Явления, возвещавшие падение Кучумова царства.  – Кучум лишается зрения.  – Ужасная тюрьма.  – Казаки на Иртыше.  – Пышки.  – Твердость шамана.  – Абалак.  – Царица Сумбула.  – Велика освобождается из гарема Кучумова.

Страшно ревел Иртыш, ударяя седыми волнами своими, словно железным тараном, в неприступный утес Искера. Грохот и гром, раздававшиеся от сих ударов, умножились еще падением огромных глыб и каменьев, низвергавшихся с большой высоты в кипящие бездны бездонной реки[47], а брызги, от того происходившие, с визгом подымались к небесам, подобно неукротимым фонтанам. Но далеко они не досягали еще до вершины утеса, на коем мелькали две человеческие тени. Бесстрашные, они спокойно приблизились к самой оконечности висящего над бездною гранита, как будто для того, чтобы любоваться яростью волн и свирепостью урагана, потрясавших основание, на котором они стояли.

По темноте ночи мудрено бы было угадать, кто эти блуждавшие привидения в ту ужасную минуту и на том ужасном месте, а того еще невозможнее было, от воя стихий, расслышать слов их, если б выкатившийся из-за Панина бугра[48] огненным шаром огромный месяц не осветил их кровавым заревом, а наставшая тишина, после промчавшегося вихрем урагана, не подала возможности понять их разговора.

– Видел ли, неверующий, знамения, которые предвещают падение твоего царства?  – говорил дикий голос, схожий с говором знакомого нам шамана Уркунду, седому старцу бодрой наружности.  – Видел ли, как вода в Иртыше кипела кровью, как Чувашский мыс бросал золотые и серебряные искры? Подождем до полуночи, и в твоих глазах русская собака загрызет белого волка[49].

– Да! Я видел достаточно, чтобы повесить тебя со всею братиею проклятых колдунов, пугающих робкий народ мой столь глупыми предвестиями,  – отвечал угрюмо старец.

– Нет! Кучум, не греши пред богом, вразумляющим тебя своими знамениями. Благодари его и пользуйся…

– Дерзкий кудесник,  – воскликнул Кучум,  – я пощажу тебя, чтоб первые лучи солнца осветили твое гнусное тело распяленным на том кресте, который шаманам твоим видится в небеси[50].

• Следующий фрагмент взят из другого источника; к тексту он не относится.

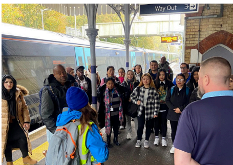
Ashford College travel training

– Если бог не совсем на тебя прогневался, то не допустит тебя до сего безумия,  – отвечал смело Уркунду.

– Нет! Я дам тебе жизнь,  – сказал Кучум с злобным хохотом, как будто обрадуясь счастливой мысли,  – но вырву язык, выколю глаза и забью гвоздями уши, чтоб ты донес пославшему тебя гяуру обо всем, что здесь видел и слышал…

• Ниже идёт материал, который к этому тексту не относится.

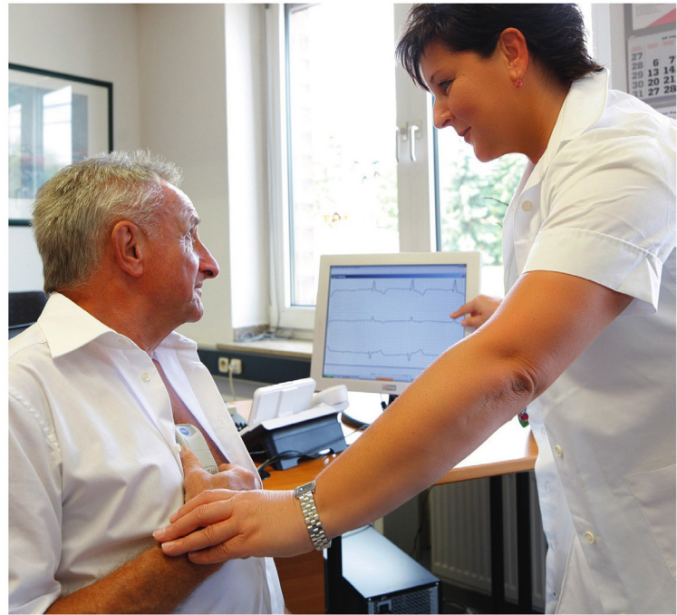
Screening at the practice

– И все это не спасет царства твоего от Божьего наказания, избравшего уже грозных мстителей за кровь братий моих, невинно пролитую в угодность твоего Магомета.

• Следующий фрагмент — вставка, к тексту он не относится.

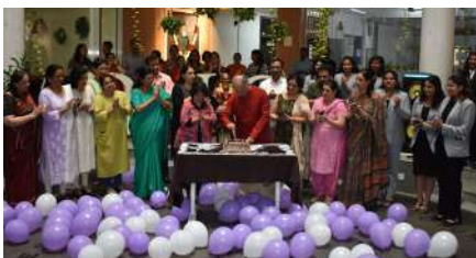
Cake cutting ceremony

After this, everybody made their way to the auditorium where the

– Язычник, вещий коршун! – вскричал в ярости Кучум, и выдернул из-за пояса кинжал свой. Но сколь ни быстро было движение раздраженного хана, но еще скорее увернулся шаман от угрожавшего ему удара, острое оружие покатилось к ногам Кучума, и он, зашатавшись, упал на край пропасти, в которую, конечно б, низвергнулся, если б сильная рука не удержала его.

Между тем красный месяц подернулся черной тучей, как щитом закаленным, и опять завыл полуночный ветер. Уркунду (ибо читатели, без сомнения, отгадали, что не кто иной, как шаман наш, удержал хана от падения в пропасть, забыв свою собственную опасность) не мог постичь причины падения своего противника, а того более удивлен был его продолжительным молчанием, не имея возможности за темнотою прочесть причины оного на лице его.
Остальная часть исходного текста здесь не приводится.